The Butler court certainly did remind trial courts that there is a distinction between the level of proof required to show aggrievement and that meant to prove the plaintiff’s case on the merits. This reminder, derived out of cases like Marashlian, supra, is important; it means that a plaintiff who shows aggrievement at trial does not automatically prevail on the merits, even if there is a close nexus between the grounds asserted for standing and those on which the plaintiff challenges substantively the result below. But this clear and correct principle does not yield the novel one advocated for by plaintiffs in this case: that any time a plaintiff at summary judgment puts in an opposing affidavit, the court’s task in determining standing is at an end. The Butler court did not say in that case that the litigation should have terminated at summary judgment, and never even should have reached trial.
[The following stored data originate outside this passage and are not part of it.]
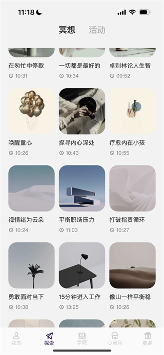 按需求划分压力缓解专注提升睡眠改善等板块,支持4分钟8分钟等短时版本,适配通勤工作间隙等碎片化时间,无需长时间投入即可快速开展身心调节练习。
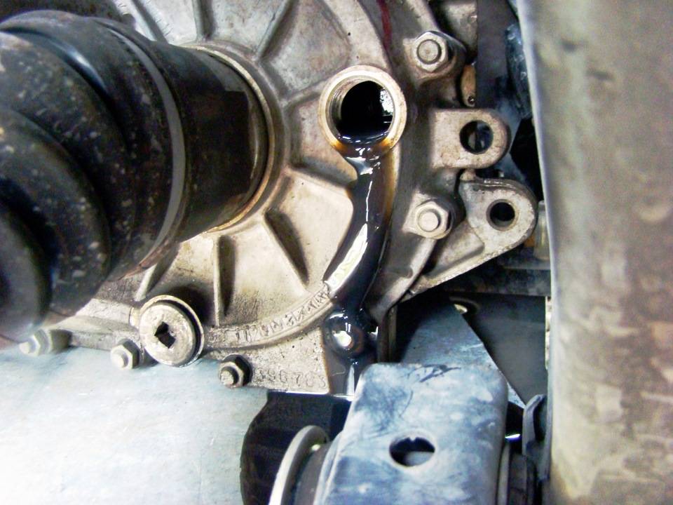 После изъятия отработанного смазочного материала отверстие закрывают. Поскольку заливное отверстие довольно маленькое, то новое трансмиссионное масло наливают при помощи шприца до уровня нижней кромки.
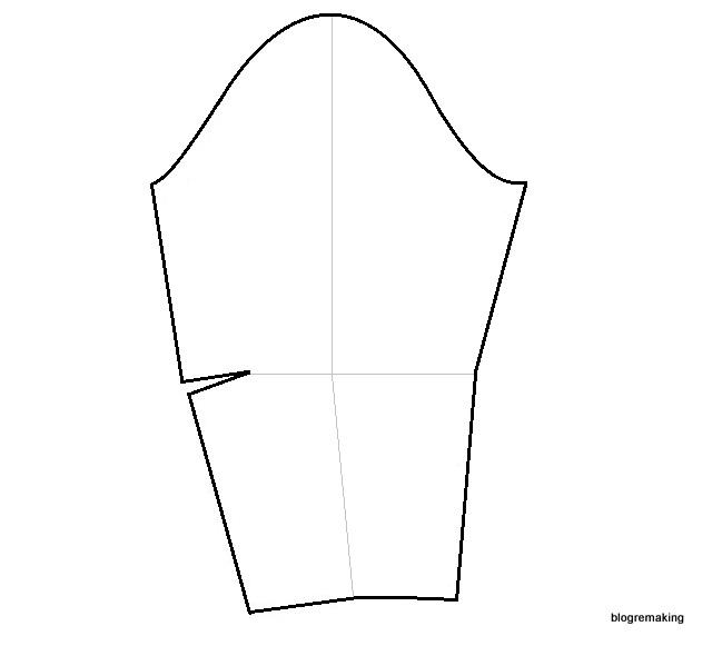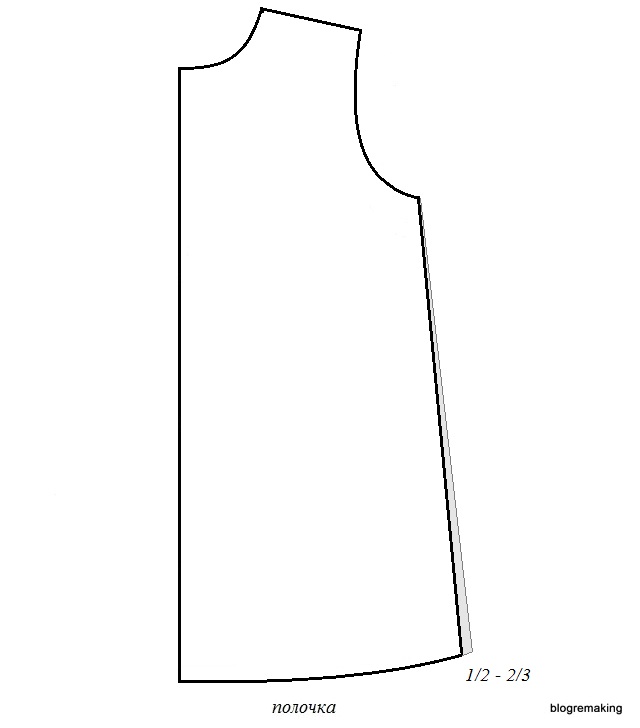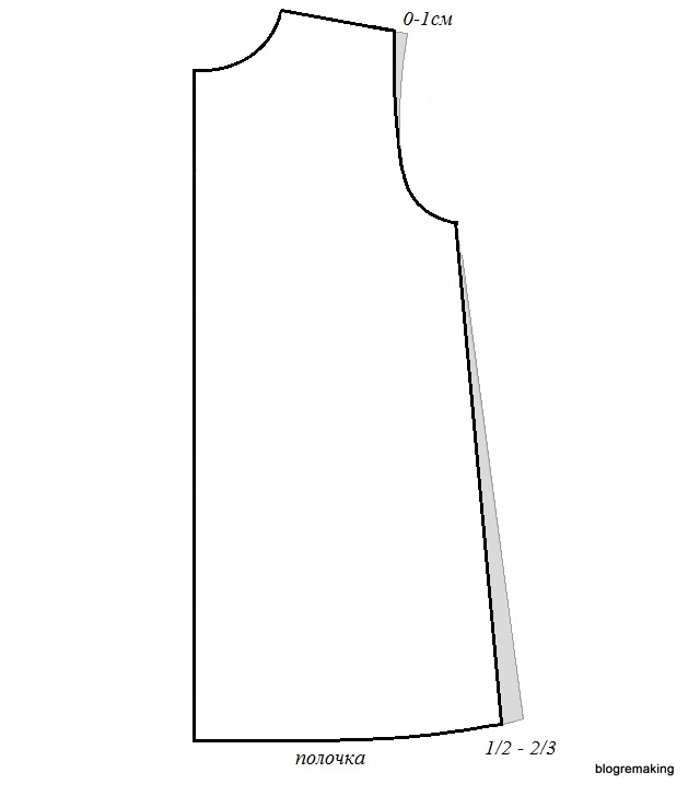 Расширение полочки по линии низа также можно сократить, убрав половину или 2/3 этого расширения с бокового среза.
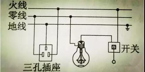 (2)三孔插座:左孔接零線,右孔接火線,上孔接地線;
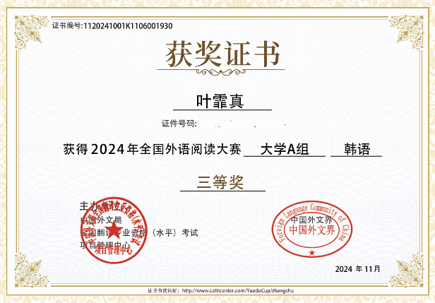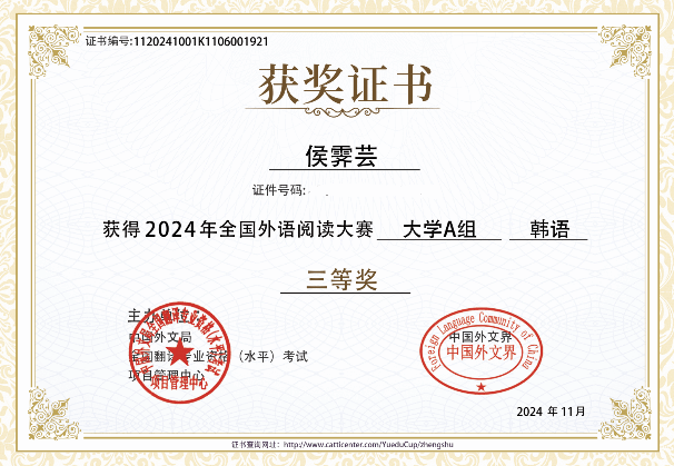 在11月8日结束的2024年第二届全国外语阅读大赛中,公司304am永利集团朝鲜语专业多名本科员工取得了优异的成绩。

And yet, that is the result plaintiffs say should have obtained in the case at bar. In this case, the questions of fact left in controversy after summary judgment required trial by the court, and the finding of facts on those points is what I now turn to in this Decision.
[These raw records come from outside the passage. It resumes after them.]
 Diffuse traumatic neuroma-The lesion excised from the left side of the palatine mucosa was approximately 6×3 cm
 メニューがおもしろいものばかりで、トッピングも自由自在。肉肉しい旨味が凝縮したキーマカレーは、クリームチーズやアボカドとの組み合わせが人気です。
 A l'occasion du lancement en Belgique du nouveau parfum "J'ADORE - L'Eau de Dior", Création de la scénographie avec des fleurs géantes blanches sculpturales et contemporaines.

[Note 3] Both traffic hour is 4:00 PM to 6:00 PM.

[Note 4] The two reports studied different intersections, so there is no way directly to compare the level of service analyses from each report.

[Note 5] This is so notwithstanding that, in a few instances, the extra few seconds involved might cause a reduction in the “level of service” measurements used by the traffic engineers to grade intersection performance. This occurs in these few instances only because the existing traffic passing through these intersections is right on the line dividing one level of service from the level below it. But the slight incremental delay produced by the project, whatever the letter grade that the intersection will have, results in only a very slightly more delayed intersection once the project’s predicted traffic enters the crossing.

[Note 6] In 2007, Chapman’s Reach had 124.967 shares, making it responsible for 13.61 percent. The Seaport had 73 shares, or 7.95 percent. Twelve developments participate in the current share allocation, totaling 918.087 shares. The additional units at the proposed 260 Victory Road project would bring the total number of shares to 932.118.

[Note 7] Under Marashlian, a comparison of harm threatened post-decision with harm threatened by some other hypothetical use available as of right, while potentially helpful, is not dispositive.

[Note 8] In so deciding, I rely upon and adopt the analysis on this point in the summary judgment order.

[Note 9] Since the trial in this case, the parties have made known to the court proceedings in the City of Quincy to amend the zoning ordinance in a way which at least some of the parties contend may yield a change in the way the challenged project’s density would be computed. There are issues about the effectiveness of these proceedings to amend the ordinance, given a reported veto by the City’s Mayor and the action following that veto by the City Council. There also are issues about whether and how such an amendment, even if in force now, ought to apply to the Special Permit and the project it authorized.

The court will defer entry of judgment in this case for a short time to allow the parties, by their counsel, to weigh in on these questions. All parties are to confer through counsel and then file, within thirty days, a joint written report giving their collective or respective views on how the court ought to address these issues, and whether or not entry of judgment in this case ought be deferred to address them. Based on the report the court receives, it will either schedule a hearing or proceed, without hearing, to issue either the judgment or a further order.